Ему снился сон. Минута-другая в реальном времени, в реальной жизни. Но сколько всего вмещает такой сон! Погружаешься в него глубоко-глубоко, словно разрезая воду после прыжка с вышки. Алекса окружал сказочный парк во французском стиле, богато и с выдумкой обустроенный. Повсюду цвели розы. Среди кипарисов и тамариндов спрятался кусочек Индии. Выстриженные в форме диких зверей живые изгороди напоминали о европейских усадьбах. Сад камней словно переносил в Японию. Увитые плющом бамбуковые решетки обрамляли дорожки. И куда ни кинь взгляд — цветы, цветы… Как красив, должно быть, этот парк, если смотреть на него сверху, например из окна! Не успел Алекс и глазом моргнуть, как беломраморный дворец словно взметнулся из-под земли за его спиной.

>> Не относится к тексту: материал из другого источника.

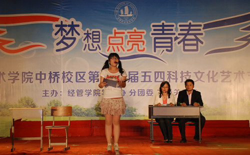 5月28日晚,经济管理学院在中桥校区东篮球场举办了主题为“梦想点亮青春”第十六届五四科技文化艺术节文艺晚会。经管学院党总支书记胡全裕、院长崔平、副院长翁爱祥、冯臻、有关部门领导及师生共千余人观看了晚会。校团委书记徐悦、经管学院二级关工委副主任陶福民应邀出席。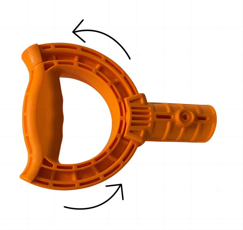 Īpaši izstrādāta forma, kas dabīgi pieguļ plaukstai un samazina slodzi uz muguras muskuļiem. Smagu priekšmetu pārvietošana kļūst par ērtu un drošu ikdienas darbību bez pārslodzes.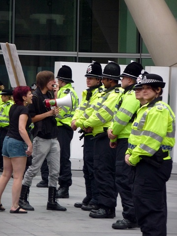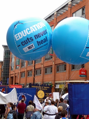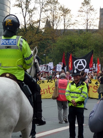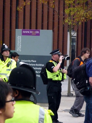 Today tens of thousands marched in protest at the tory party conference in manchester. A feeder march from the university started around 12.30pm after speeches setting out the reasons for the occupation of albert square and future dates for mobilising resistance to the cuts and the con-dem coalition. It joined the main protest which noisily snaked its way around the tory party conference centre. There was a huge amount of anger expressed by marchers with many saying they were inspired by events in other countries and were preparing to support the block the bridge action in london on 9th october, the education demos on 9th nov and the strikes on 30th Nov.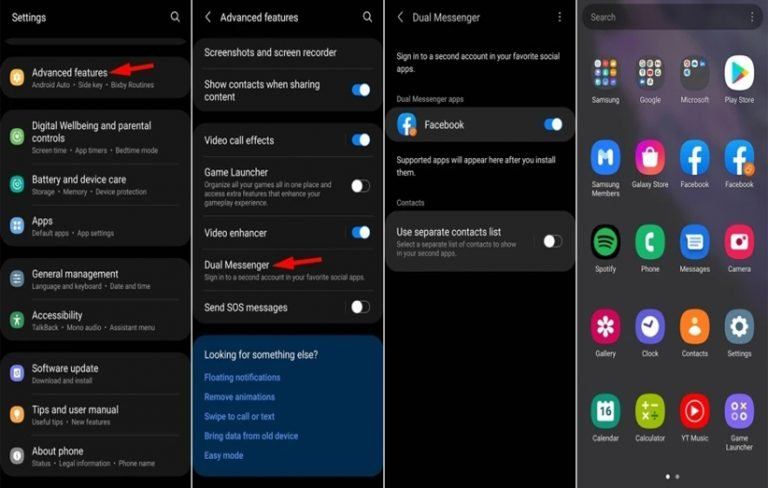 برای انجام این کار کافی است وارد تنظیمات شده و در بخش Advanced features، گزینهی Dual messenger را انتخاب کنید. به همین سادگی میتوانید از هر برنامهای که نسخهی اصلی آن را در گوشی نصب دارید و از این قابلیت پشتیبانی میکند، یک نسخهی کپی شده هم روی گوشی داشته باشید. لازم به ذکر است در کنار اپلیکیشن مربوطه یک دایرهی کوچک نارنجی رنگ هم ظاهر میشود. (بسیاری از اپلیکیشنهای اجتماعی از این قابلیت پشتیبانی میکنند).

Но сначала ему предстояло разгадать тайну лабиринта, в центре которого скрывалась вооруженная луком нагая Диана. А дальше, как в тосканском ущелье, поблескивал между двух холмов рукотворный пруд. И последний штрих — причудливо изогнувшаяся лощина, словно бы уводящая за собой парк в неведомую даль. Или и нет никакого парка? А всего лишь рощицы и сады городских предместий? Просто на диво красивое местечко среди обычных ручейков и покрытых цветами полянок?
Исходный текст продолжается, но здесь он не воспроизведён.